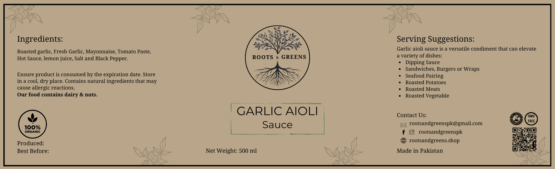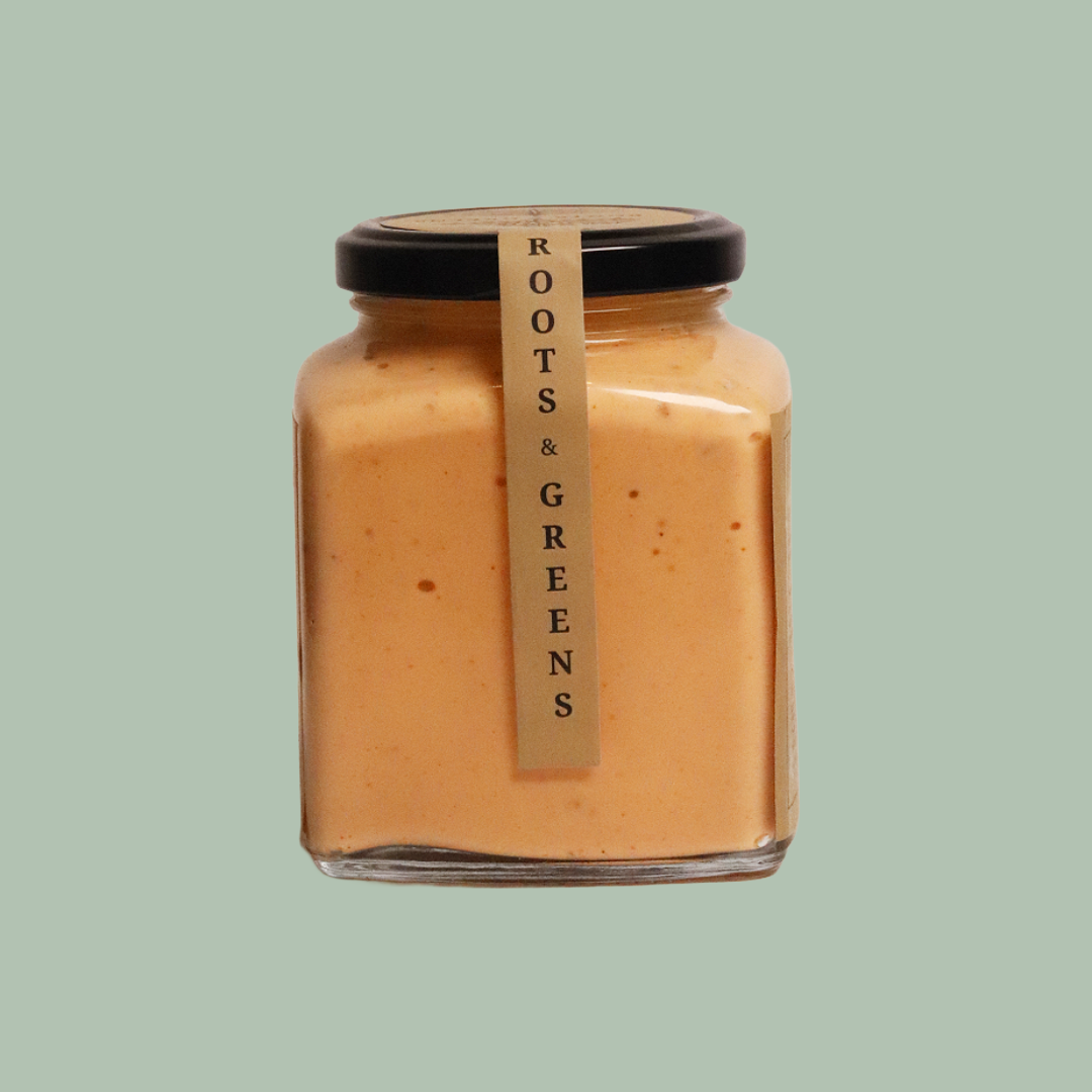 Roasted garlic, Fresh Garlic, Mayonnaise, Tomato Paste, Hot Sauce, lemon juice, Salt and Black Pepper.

_____

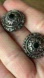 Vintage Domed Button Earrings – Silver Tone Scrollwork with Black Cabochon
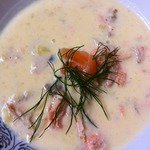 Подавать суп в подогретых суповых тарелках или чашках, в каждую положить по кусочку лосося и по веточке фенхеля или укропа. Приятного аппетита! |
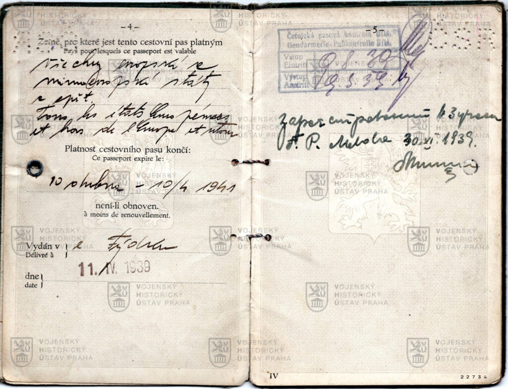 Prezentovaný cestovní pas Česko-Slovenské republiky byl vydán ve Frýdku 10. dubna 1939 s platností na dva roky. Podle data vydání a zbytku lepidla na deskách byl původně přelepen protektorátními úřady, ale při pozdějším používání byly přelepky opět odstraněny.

_____

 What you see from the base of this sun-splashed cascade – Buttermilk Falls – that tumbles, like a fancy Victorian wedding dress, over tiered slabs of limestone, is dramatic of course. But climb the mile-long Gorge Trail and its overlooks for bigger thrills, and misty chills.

_____

*Task statement*. Between and including the line with "Подавать суп в" and the line with "Prezentovaný cestovní pas", repeat every line exactly as it appears above, with pictures left out.

*Answer box*.
 Подавать суп в подогретых суповых тарелках или чашках, в каждую положить по кусочку лосося и по веточке фенхеля или укропа. Приятного аппетита! |
 Prezentovaný cestovní pas Česko-Slovenské republiky byl vydán ve Frýdku 10. dubna 1939 s platností na dva roky. Podle data vydání a zbytku lepidla na deskách byl původně přelepen protektorátními úřady, ale při pozdějším používání byly přelepky opět odstraněny.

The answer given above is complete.